> DATASET EXTRACT:
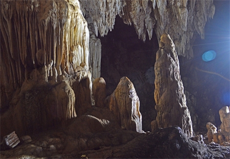 走入廳中,石柱有的象阿佤少女,有的象巨型靈芝,也有的象彌勒端坐,形象逼真,栩栩如生;地上石球、石花晶瑩碧透,令人難以置信;塔林廳位于支洞300米處,廳中有數(shù)十支石筍、石柱,高約8—15米,其中有一石柱高約20米,根粗1.6米,頂天立地,石筍上小下大,其上石花遍布,若一座座石塔,潔白晶瑩,令人留戀往返。塔林廳就是龍王子的休息廳的,左洞有條地下河,是他嬉水玩耍的地方,因?yàn)檎{(diào)皮,他總愛(ài)撿各式各樣的石頭到這里,慢慢的,這石頭就堆積成這樣,形成了一道美麗的景觀。
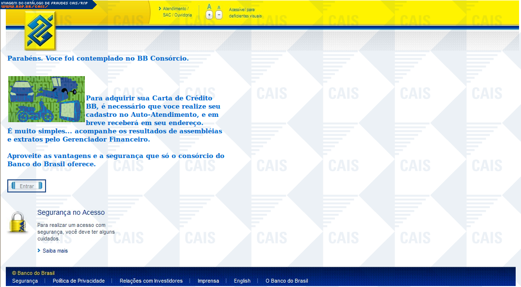 | comentário | A fraude se passa por um comunicado do Banco do Brasil que informa que a vítima foi contemplada no BB Consórcio. A mensagem pede que a vítima realize o cadastro no auto-atendimento para receber sua carta de crédito. O link para o suposto cadastro leva a uma... (leia mais) | |
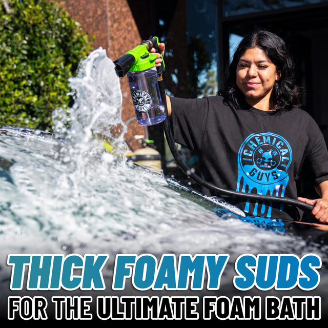 Foams well thru my pressure washer and leaves the car with a nice shine. I find it pricey in the 16 oz container. I will not purchase this product again until they offer it in a more affordable size.
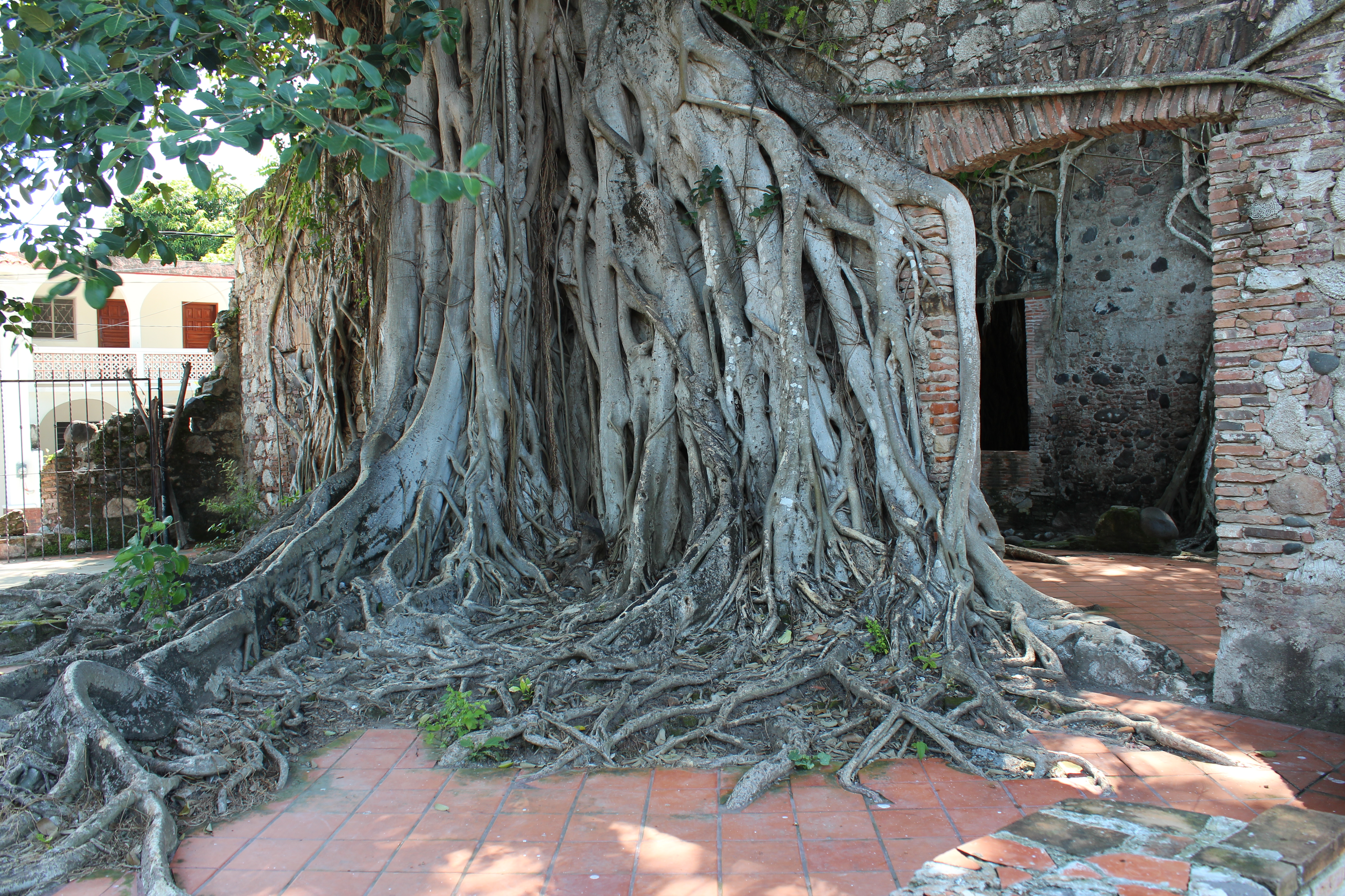 I find it interesting to note that this indigenous plant has been working hundreds of years to consume and destroy the home of Cortes, the brutal, mighty conquistador who nearly wiped out the indigenous people. This one solitary man led the conquest to defeat and conquer the Aztec Empire, just as and this one fig seed is attempting to consume his home today.

> EXERCISE AIM: Output the data exactly as it is, with the pictures dropped.

> ANSWER BOX:
 走入廳中,石柱有的象阿佤少女,有的象巨型靈芝,也有的象彌勒端坐,形象逼真,栩栩如生;地上石球、石花晶瑩碧透,令人難以置信;塔林廳位于支洞300米處,廳中有數(shù)十支石筍、石柱,高約8—15米,其中有一石柱高約20米,根粗1.6米,頂天立地,石筍上小下大,其上石花遍布,若一座座石塔,潔白晶瑩,令人留戀往返。塔林廳就是龍王子的休息廳的,左洞有條地下河,是他嬉水玩耍的地方,因?yàn)檎{(diào)皮,他總愛(ài)撿各式各樣的石頭到這里,慢慢的,這石頭就堆積成這樣,形成了一道美麗的景觀。
 | comentário | A fraude se passa por um comunicado do Banco do Brasil que informa que a vítima foi contemplada no BB Consórcio. A mensagem pede que a vítima realize o cadastro no auto-atendimento para receber sua carta de crédito. O link para o suposto cadastro leva a uma... (leia mais) | |
 Foams well thru my pressure washer and leaves the car with a nice shine. I find it pricey in the 16 oz container. I will not purchase this product again until they offer it in a more affordable size.
 I find it interesting to note that this indigenous plant has been working hundreds of years to consume and destroy the home of Cortes, the brutal, mighty conquistador who nearly wiped out the indigenous people. This one solitary man led the conquest to defeat and conquer the Aztec Empire, just as and this one fig seed is attempting to consume his home today.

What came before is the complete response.